We import the dataset directly from the AI Standford website (It contains a lot of great datasets). We use the get_file function from the tensorflow/keras library and the utils module. We are downloading the data directly from the official Stanford Website for AI. The above code is a short procedure to download it. We create a IMDB directory where we join the path of our keras library and the data from the website. I have also printed out the location of the dataset.

### Creating the training and test sets

In [5]:
(x_train, y_train), (x_test, y_test), preproc = text.texts_from_folder(datadir=IMDB_DATADIR,
                                                                      classes=['pos','neg'],
                                                                      maxlen=500,
                                                                      train_test_names=['train','test'],
                                                                      preprocess_mode='bert')

detected encoding: utf-8
downloading pretrained BERT model (uncased_L-12_H-768_A-12.zip)...
[██████████████████████████████████████████████████]
extracting pretrained BERT model...
done.

cleanup downloaded zip...
done.

preprocessing train...
language: en


Is Multi-Label?

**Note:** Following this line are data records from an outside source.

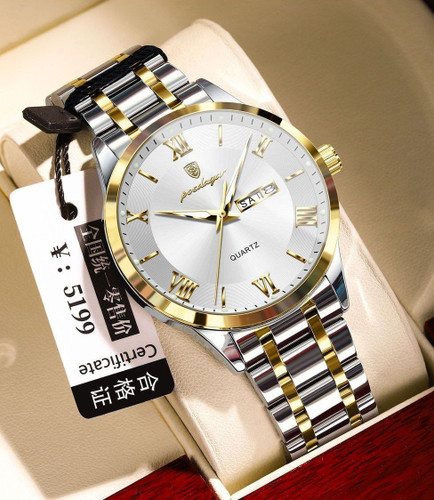 ساعت مردانه پوداگار قطر 42 میلی متر رنگ ثاب قاب استیل بند استیل ایام هفته دارد روز شمار دارد شیشه ضدخشbrand poedagar model 958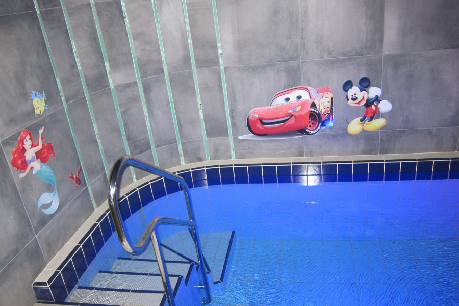 Swiming poolsThe dimensions of the swimming pool: 25 m x 10 m. Depth: 1,6 m – 3,5 m. The dimensions of the swimming pool for aqua aerobics: 8,2 m x 8,2 m. Depth: 1,2 m. The dimensions of the swimming pool for baby: 5 m x 1,5 m. Depth: 1,2 m.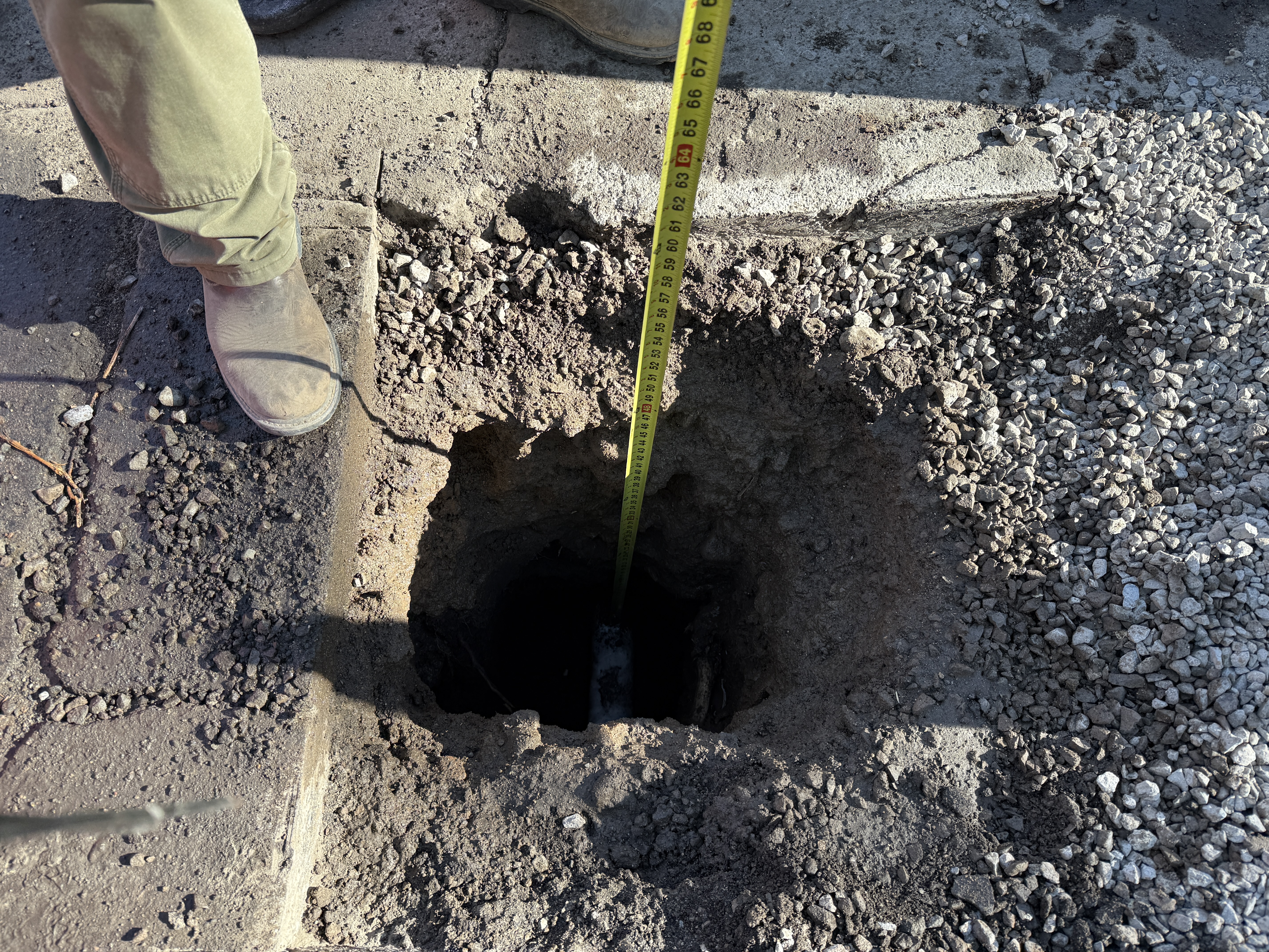 The image depicts an excavation site where a pothole has been dug into a paved surface for utility locating. A person is using a measuring tape to measure the depth of the hole. Loose gravel is visible around the site, and the ground shows rough, uneven conditions.

False
preprocessing test...
language: en


In this we are using a function called 'texts_from_folder' from the text module in the ktrain library. This allows us to get three variables which are the training set, testing set and the preprocessing of the texts.

In this the parameters mentioned are datadir which should be the directory where all the texts are present. The classes within the library which in this case is positive and negative (Check the folder name). The maxlen specifies the number of characters you want from the text. The train_test_names should contain the folders name in which you have stored your training set texts and the testing set texts. The preprocess_mode should be bert in this case

## Part 2: Building the BERT model

In [6]:
bert_model = text.text_classifier(name='bert',
                                 train_data=(x_train, y_train),
                                 preproc=preproc)

Is Multi-Label? False
maxlen is 500
done.


In the above cell we have created a BERT model using the text module from ktrain library. Ktrain library is a wrapper for the tensorflow and keras library. It make the execultion of models like BERT which are very complicated easy enough to be done in 1 line. We use the text_classifier function which using the method for classification as BERT, the tuple of the training and the test set and also the preprocessing data.

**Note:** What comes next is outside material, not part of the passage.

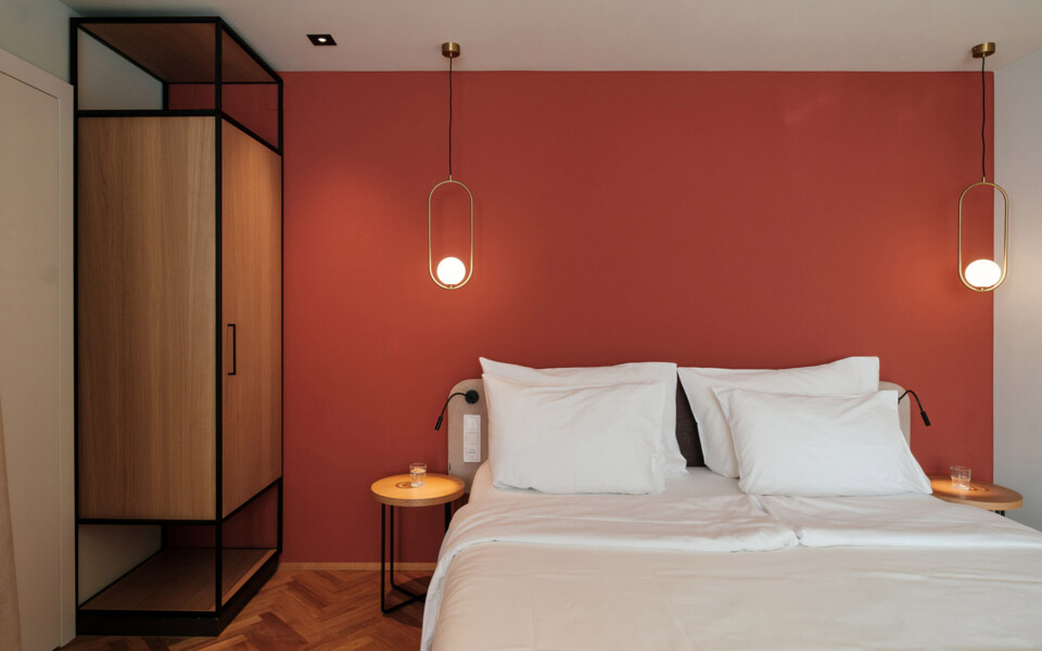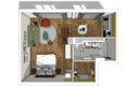 The studio apartments impress with an open, well-structured layout. Living and sleeping areas flow seamlessly into one another and include a comfortable double bed, a functional desk, and a cosy sitting area. The compact kitchenette is fully equipped and complemented by a small, inviting dining area. The bathroom has a washbasin, shower, and toilet. The windows of these charming studios open onto a green inner courtyard.

## Part 3: Training the BERT model

In [7]:
learner = ktrain.get_learner(model=bert_model,
                            train_data=(x_train, y_train),
                            val_data=(x_test, y_test),
                            batch_size=6)

We first create a learner part for the BERT model and classify it as positive or negative text. We use a function get_learner which is directly inside the ktrain library. It return a learner instance. It takes model as a paremeter and also the training and testing data and also the batch_size for length of test 500 the batch size is 6.

In [None]:
learner.fit_onecycle(lr=2e-5, epochs=1)

We will call a function called the fit_onecycle from the get_learner function which is inside the ktrain library. We will train our BERT model only using 1 epoch. It feels it won't provide the high accuracy but it does!!!!!. We input the learning rate based on the number of epochs. We choose the number of epochs as 1.